Prosecutors raided prominent human rights group Memorial on Thursday as part of a check into the group's activities, one of hundreds of raids at non-governmental groups across the country in recent days.
The check at one of the group's offices in central Moscow was temporarily interrupted by NTV reporters, who arrived at the same time and said they were gathering material for an upcoming exposé.
Officials from the Prosecutor General's Office, Interior Ministry, Justice Ministry and Federal Tax Service turned up late Thursday morning at Memorial's office on Ulitsa Karetny Ryad, located near the central Chekhovskaya metro station, the rights group said in an e-mailed statement.
The officials were checking whether Memorial complies with a law obliging foreign-funded non-governmental organizations engaging in "political activities" to register as "foreign agents," according to the statement.
Memorial has said it would boycott the law, adopting a similar stance to rights organizations including Lyudmila Alexeyeva's Moscow Helsinki Group. Justice officials earlier described the legislation as unenforceable.
Thursday's raid on Memorial's office comes the same week that government inspectors conducted unannounced checks at hundreds of NGOs across Russia, citing legislation combating extremism.
Observers have said the raids are part of a scare campaign aimed at intimidating independent organizations critical of the government, and the presidential human rights council on Thursday issued an appeal to Prosecutor General Yury Chaika to halt the raids, which it described as "harassing" law-abiding NGOs.
Memorial head Alexander Cherkasov's phone was switched off throughout the raid, which lasted more than six hours, but former head Oleg Orlov told journalists from the Grani.ru news portal that prosecutors had seized documents relating to Memorial's founders, corporate charter, accounts and sources of funding and that they had requested access to dozens more.

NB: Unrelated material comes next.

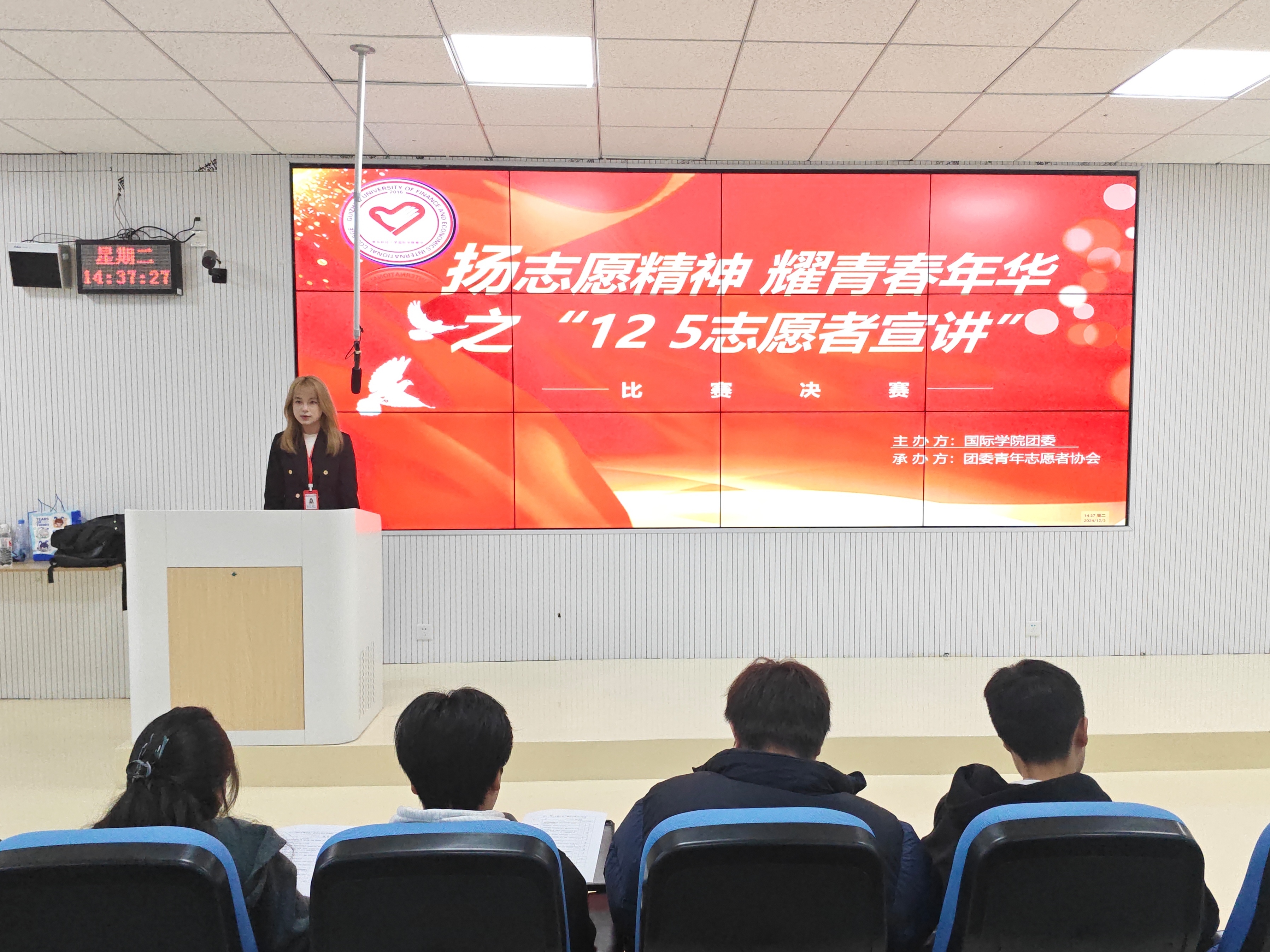 (yl23411 向美云 报道|摄影 李亭)为提高青年志愿者服务意识,普及志愿服务相关知识,营造志愿服务浓厚氛围,推动yl23411志愿服务工作走深走实,12月3日,yl23411团委、青年志愿者协会在乐学楼102教室举办“扬志愿精神,耀青春年华”之“12·5 志愿者宣讲”比赛。

Orlov said the raid would not place Memorial's future work in jeopardy and was aimed at scaring NGOs into "self-censorship." Memorial runs both a human rights group and a research center documenting Soviet political repression.

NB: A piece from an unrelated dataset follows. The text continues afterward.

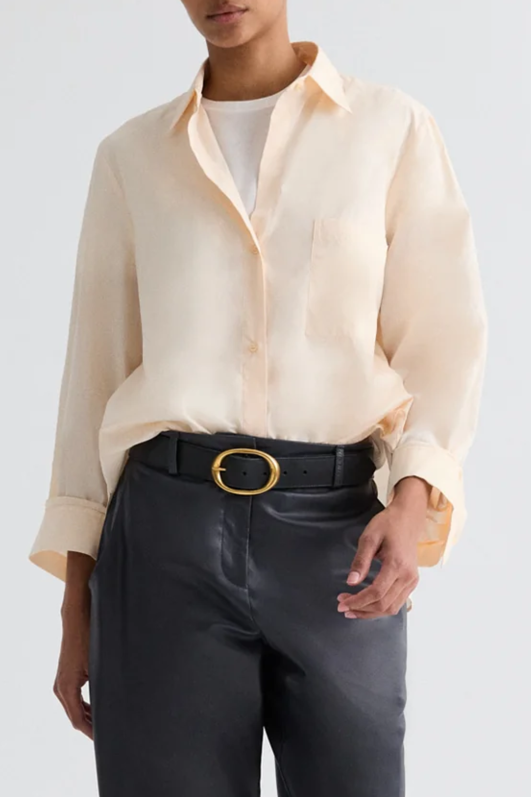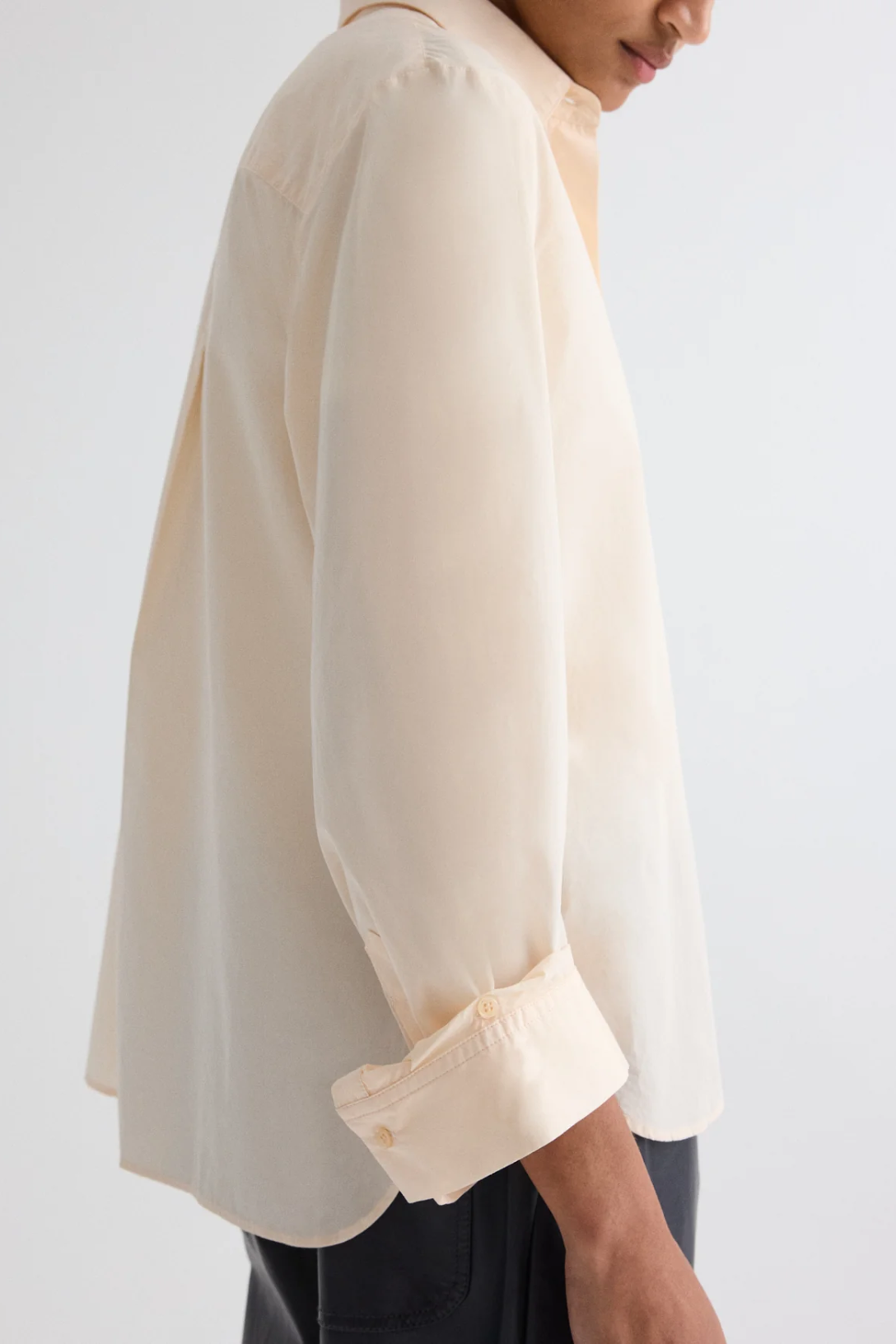 Oversized button down shirt in superfine Italian cotton shirting. The Next Morning is a relaxed silhouette with a center box pleat at the back. Complete with an exposed button up placket, chest patch pocket, spread collar and single roll button cuffs.

Anna Karetnikova, an activist with Memorial, said in comments on Twitter that the NTV journalists ran around Memorial's office asking staff, "Do you receive funding from abroad?" before police escorted them out of the building.
The journalists, who were identified as Pyotr Drogovoz and Alexander Belyayev, remained parked on the street outside Memorial's office until the evening as the check continued, she said.
NTV later confirmed that footage filmed by Drogovoz and his colleague would feature in its "Emergency Situation" series. Earlier programs in the same series prompted investigators to open criminal cases against opposition leaders for allegedly orchestrating mass riots.
Pavel Chikov, a member of President Vladimir Putin's human rights council, told The Moscow Times on Monday that prosecutors issued the initial order to check NGOs in late February, days after Putin reminded senior Federal Security Service officers to enforce the new rules governing non-governmental organizations.
"Any direct or indirect interference in our internal affairs, any form of pressure on Russia, on our allies and partners is unacceptable," Putin told FSB officers, sticking to the government line that foreign-funded NGOs were bent on destabilizing Russia.
But even before Putin's speech, Memorial was targeted for being a supposed "foreign agent." On Nov. 21, the day the NGO law came into force, unidentified hooligans painted the words "Foreign Agent. Love U.S.A." under the windows of one of the group's Moscow offices.